__DATA FOR THIS EXERCISE__
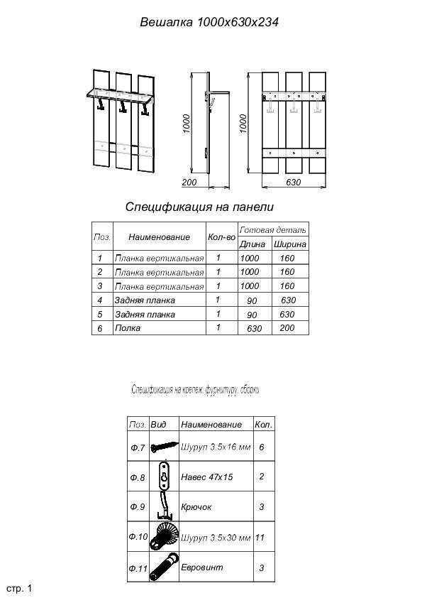 Вешалка в прихожую, Вешалка настенная с полкой, 63х23х100 см
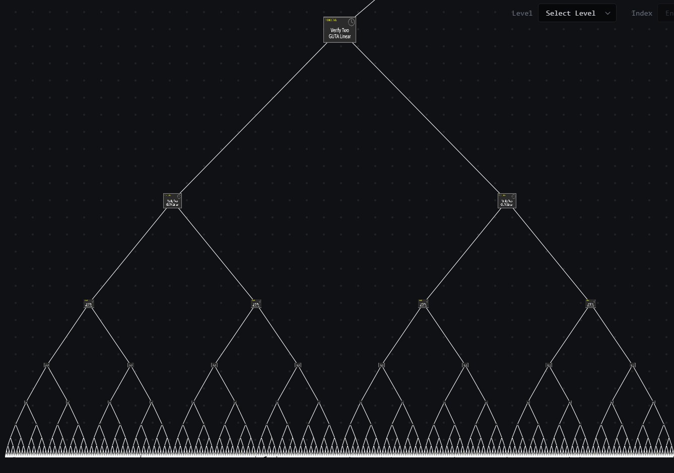 “لنفترض أننا بدأنا بمعاملات 16 مستخدمًا. وأوضح فيلدمان أثناء مشاركة رسم بياني لشجرة إثبات حيث تصبح الأدلة المتعددة في النهاية واحدة.
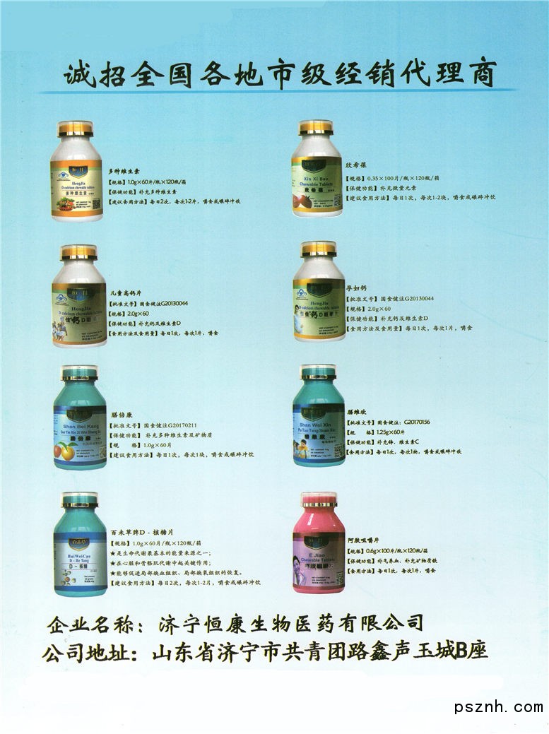 恒康生物醫(yī)藥現(xiàn)擁有多條現(xiàn)代化片劑、顆粒、粉劑、軟膠囊GMP認證生產(chǎn)線和多個國食健字批準(zhǔn)文號、SC等;公司根據(jù)市場需要研制生產(chǎn)的恒佳鈣D片(補鈣)系列、膳維欣(補鋅)系列、易雪康(補血)系列、膳倍康(維生素)系列、瑪咖(提高免疫力)系列、螺旋藻系列、泡騰片系列、蛋白質(zhì)、氨基酸、顆粒沖劑、軟膠囊等100多個系列產(chǎn)品,具有含量高、易吸收、價格低廉等特點,得到經(jīng)銷商和消費者的一致認可。
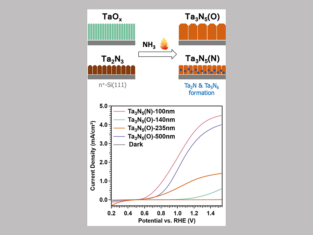 臺灣大學化學系助理教授姜昌明的研究團隊開發出創新薄膜製備技術,以亞穩態的氮化鉭前驅物Ta₂N₃為起點,在矽基材上成功合成出高效率、超薄型的Ta₃N₅光陽極。這種策略在基材界面生成微量具高導電性的次氮化物(subnitrides),大幅提升電荷傳遞效率,使其能達到與傳統厚膜相當甚至更優的光電流輸出,顯著降低鉭的使用量。
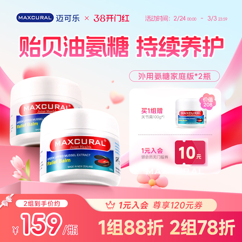 MAXCURAL迈可乐贻贝油关节膝盖涂抹膏外用氨糖软骨素临期特惠*2瓶
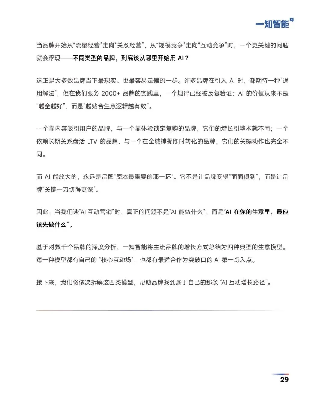 AI 技术的崛起,为品牌破解增长困局提供了新方向。过去,品牌关心 AI 的模型参数,现在更关注 AI 能否嵌入生意体系。AI 不应是外挂工具,而应是内生的核心生产力,像水和电一样流动在品牌业务脉络中。这种理念下,“AI 互动营销” 成为行业关键词,它不是单一工具,而是一套重构品牌与用户关系的全新打法。
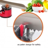 Slijper voor messen en scharen met zuignap en blokkerend hefboommechanisme rood
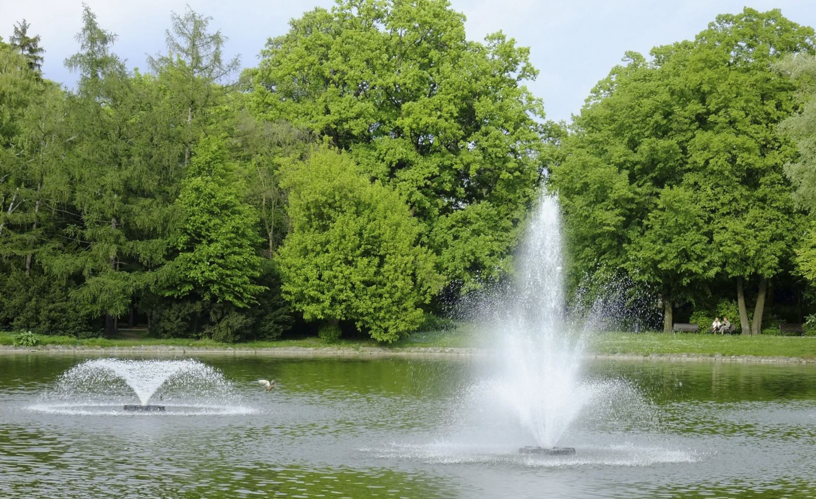 Mosquitoes do not breed in moving water. Fountains, like the one featured here, keep the water in wet ponds moving to prevent mosquitoes.
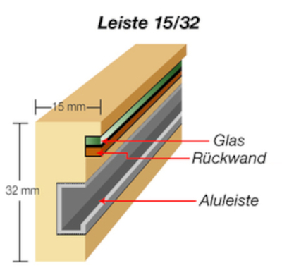 • Mit Normalglas, Acrylglas- und Antireflex-Acrylglas erhältlich
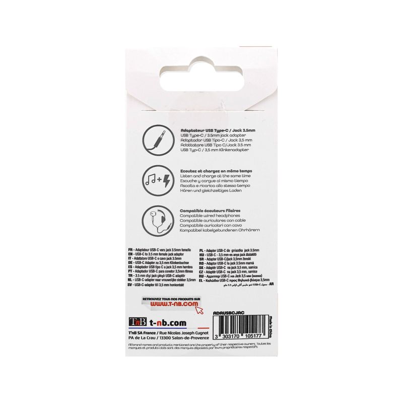 Адаптер TNB, 4 порта, USB Type-C към 3.5 mm жак, черен

__WHAT NEEDS TO BE DONE__
Nothing but the lines from the line containing "AI 技术的崛起,为品牌破解增长困局提供了新方向。过去,品牌关心 AI" through the last line of the records above is to be extracted, exactly and with no pictures.

__RESULT__
 AI 技术的崛起,为品牌破解增长困局提供了新方向。过去,品牌关心 AI 的模型参数,现在更关注 AI 能否嵌入生意体系。AI 不应是外挂工具,而应是内生的核心生产力,像水和电一样流动在品牌业务脉络中。这种理念下,“AI 互动营销” 成为行业关键词,它不是单一工具,而是一套重构品牌与用户关系的全新打法。
 Slijper voor messen en scharen met zuignap en blokkerend hefboommechanisme rood
 Mosquitoes do not breed in moving water. Fountains, like the one featured here, keep the water in wet ponds moving to prevent mosquitoes.
 • Mit Normalglas, Acrylglas- und Antireflex-Acrylglas erhältlich
 Адаптер TNB, 4 порта, USB Type-C към 3.5 mm жак, черен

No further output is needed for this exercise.